_Action item_
From the first line of the data down to the line bearing "1月5日,在印度尼西亚西爪哇省,工作人员在列车相撞事故现场工作。", output every line exactly and include no pictures.

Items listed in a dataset
◆ ◆ ◆ ◆ ◆ ◆ ◆

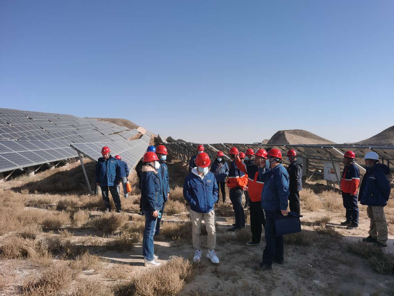 專精特新公司首先向蘭州供電公司和新區(qū)供電公司匯報該項目建設(shè)情況及目前手續(xù)辦理情況,并就相關(guān)問題做出解答。隨后,帶領(lǐng)蘭州供電公司及新區(qū)供電公司一行人員前往10MW光伏站場,國網(wǎng)專業(yè)人員對設(shè)備參數(shù)、線路配置、信號傳輸及場站安全等各方面進行了詳細的詢問,并對現(xiàn)場設(shè)備及準備運行情況進行了全面了解,就后期運行提出了指導(dǎo)意見。
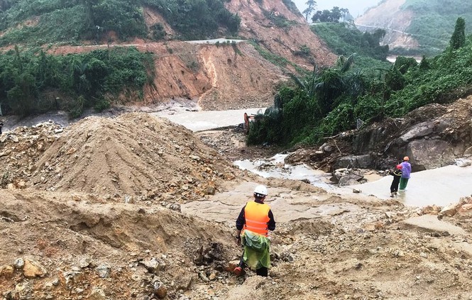 Trong sáng 23/10, công nhân cầu đường và công binh đã tiến hành lấp đá, đất cát đóng bao, trải bạt lót nền, xếp rọ đá, đổ nền mặt đường... để từng bước gia cố, thông tuyến các điểm bị vùi lấp hoặc sạt lở nghiêm trọng trên đường 71 trước đó.
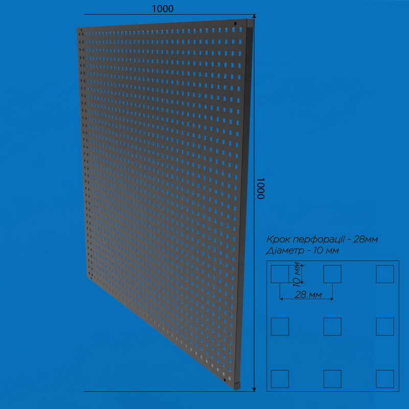 Перфорированная панель для инструментов 100х100 усиленная, S-1мм, ячейка 5х5
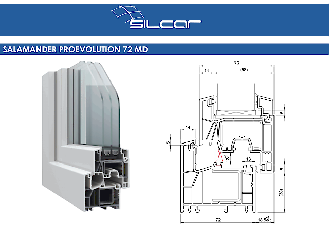 Disponibil intr-o gama variata de culori si finisaje decorative pentru toc si cercevea, sistemul se integreaza cu usurinta in diferite stiluri arhitecturale, de la clasic la modern. Salamander proEvolution 72 MD reprezinta o alegere practica si fiabila pentru proiecte care necesita un raport corect intre performanta, design si cost.)
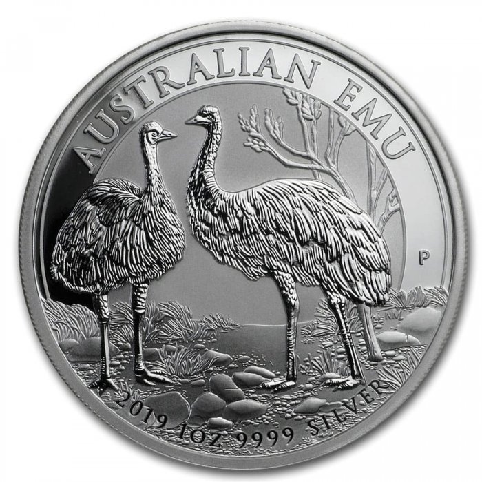 - Reverse: Depicts two Australian Emus on a landscape of foliage, trees, and grass. The design also includes the description "Australian Emu", The Perth Mint's "P" mint mark, the year date, weight, and purity.
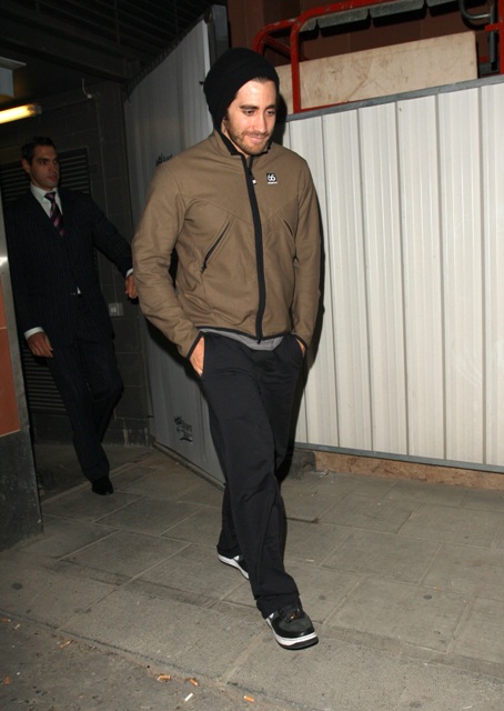 Jakey Gyllenhaal had dinner last night at Cipriani and left via the back door, hoping to elude photographers. Not successful.
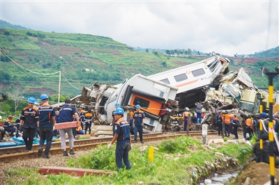 1月5日,在印度尼西亚西爪哇省,工作人员在列车相撞事故现场工作。
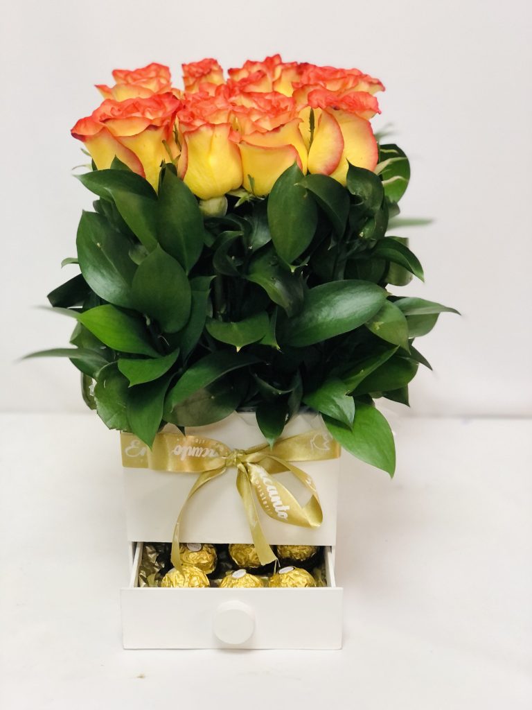 cofres de madera con cinta de raso, 12 rosas a nivel amarilla confetti , rusco, 6 chocolates ferrero rocher
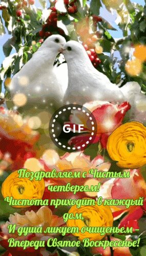 Анимированная открытка "Поздравляем с Чистым Четвергом! Чистота приходит в каждый дом, и душа ликует очищеньем - впереди"
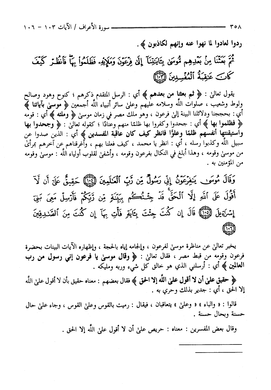 ثُمَّ بَعَثْنَا مِنْ بَعْدِهِمْ مُوسَى بِآَيَاتِنَا إِلَى فِرْعَوْنَ وَمَلَئِهِ فَظَلَمُوا بِهَا فَانْظُرْ كَيْفَ كَانَ عَاقِبَةُ الْمُفْسِدِينَ (103)
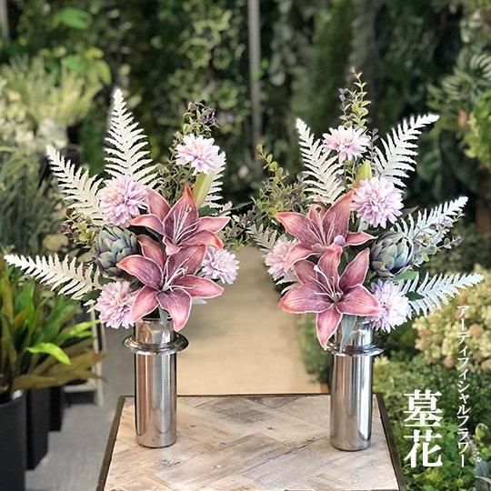 お手入れ簡単、水替え不要なアーティフィシャルフラワー(造花)の墓花
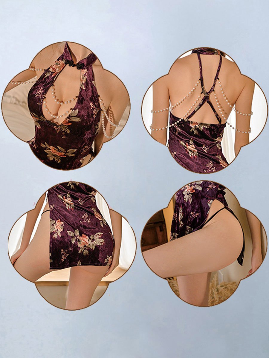 Design: Sexy Chinese Cheongsam Lingerie is designed with velvet mini dress with an allover floral details, pearl chain accents, traditional chinese collar with a keyhole, and high slit hemline. No restraints on chest with narrow bralette design, and the mini dress are definitely fit on your body curves outline. It makes you more attractive, charming, fashion and chic.
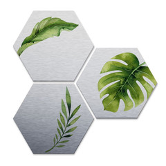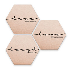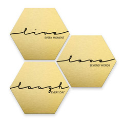 Hexagon - Alu-Dibond-Silbereffekt - Live Laugh Love (3er Set)
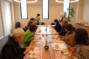 お一人お一人記念撮影をした後は、楽しいカフェタイム(^^♪です。それぞれの地域での活動の情報交換など、いつもながら話に花が咲いておりました。
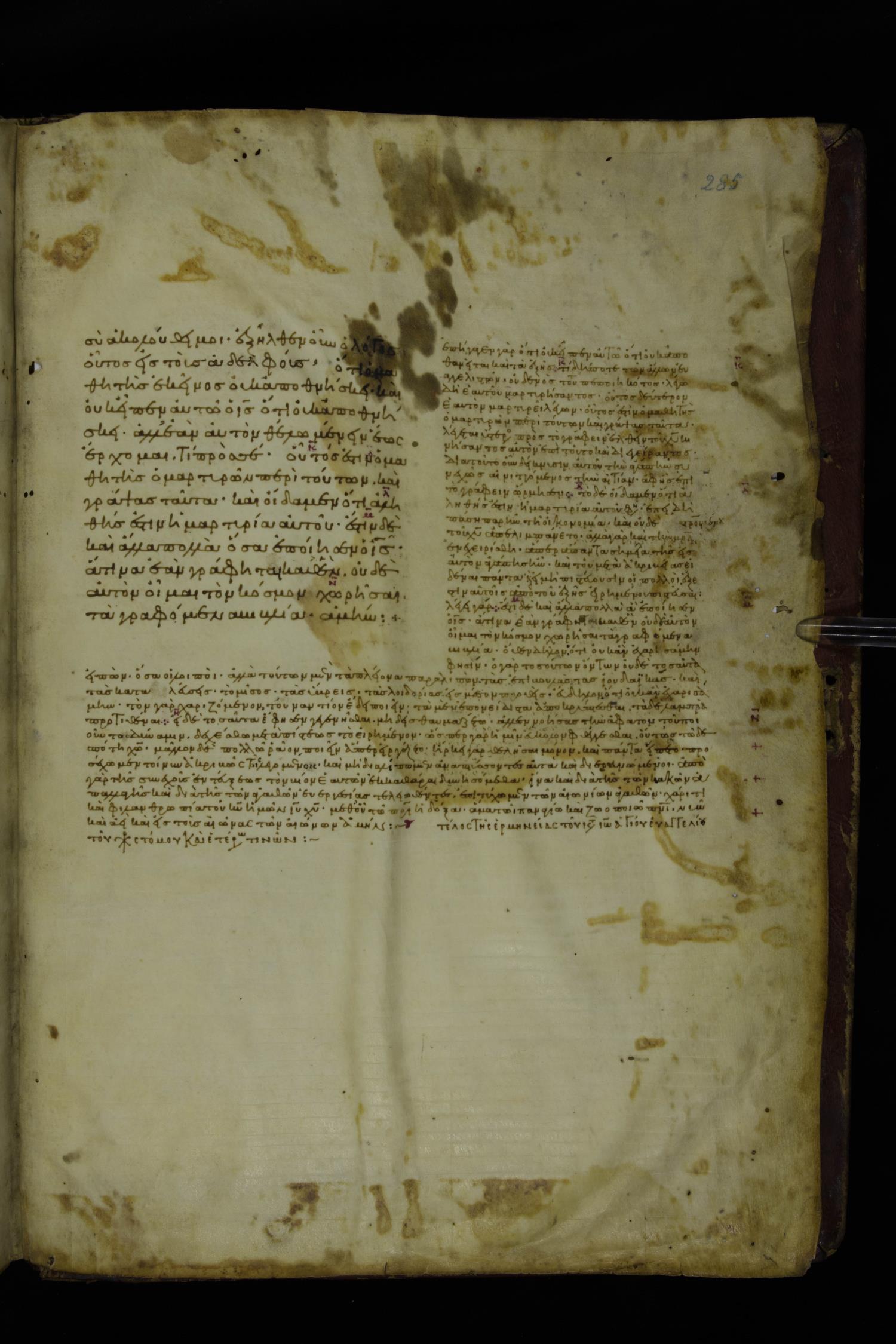 Tenth century minuscule of the Gospels with commentary; 285 leaves, 1 column, 4-34 lines per column. Images were taken at the National Library of Greece in Athens.

◆ ◆ ◆ ◆ ◆ ◆ ◆

_Answer box_
 專精特新公司首先向蘭州供電公司和新區(qū)供電公司匯報該項目建設(shè)情況及目前手續(xù)辦理情況,并就相關(guān)問題做出解答。隨后,帶領(lǐng)蘭州供電公司及新區(qū)供電公司一行人員前往10MW光伏站場,國網(wǎng)專業(yè)人員對設(shè)備參數(shù)、線路配置、信號傳輸及場站安全等各方面進行了詳細的詢問,并對現(xiàn)場設(shè)備及準備運行情況進行了全面了解,就后期運行提出了指導(dǎo)意見。
 Trong sáng 23/10, công nhân cầu đường và công binh đã tiến hành lấp đá, đất cát đóng bao, trải bạt lót nền, xếp rọ đá, đổ nền mặt đường... để từng bước gia cố, thông tuyến các điểm bị vùi lấp hoặc sạt lở nghiêm trọng trên đường 71 trước đó.
 Перфорированная панель для инструментов 100х100 усиленная, S-1мм, ячейка 5х5
 Disponibil intr-o gama variata de culori si finisaje decorative pentru toc si cercevea, sistemul se integreaza cu usurinta in diferite stiluri arhitecturale, de la clasic la modern. Salamander proEvolution 72 MD reprezinta o alegere practica si fiabila pentru proiecte care necesita un raport corect intre performanta, design si cost.)
 - Reverse: Depicts two Australian Emus on a landscape of foliage, trees, and grass. The design also includes the description "Australian Emu", The Perth Mint's "P" mint mark, the year date, weight, and purity.
 Jakey Gyllenhaal had dinner last night at Cipriani and left via the back door, hoping to elude photographers. Not successful.
 1月5日,在印度尼西亚西爪哇省,工作人员在列车相撞事故现场工作。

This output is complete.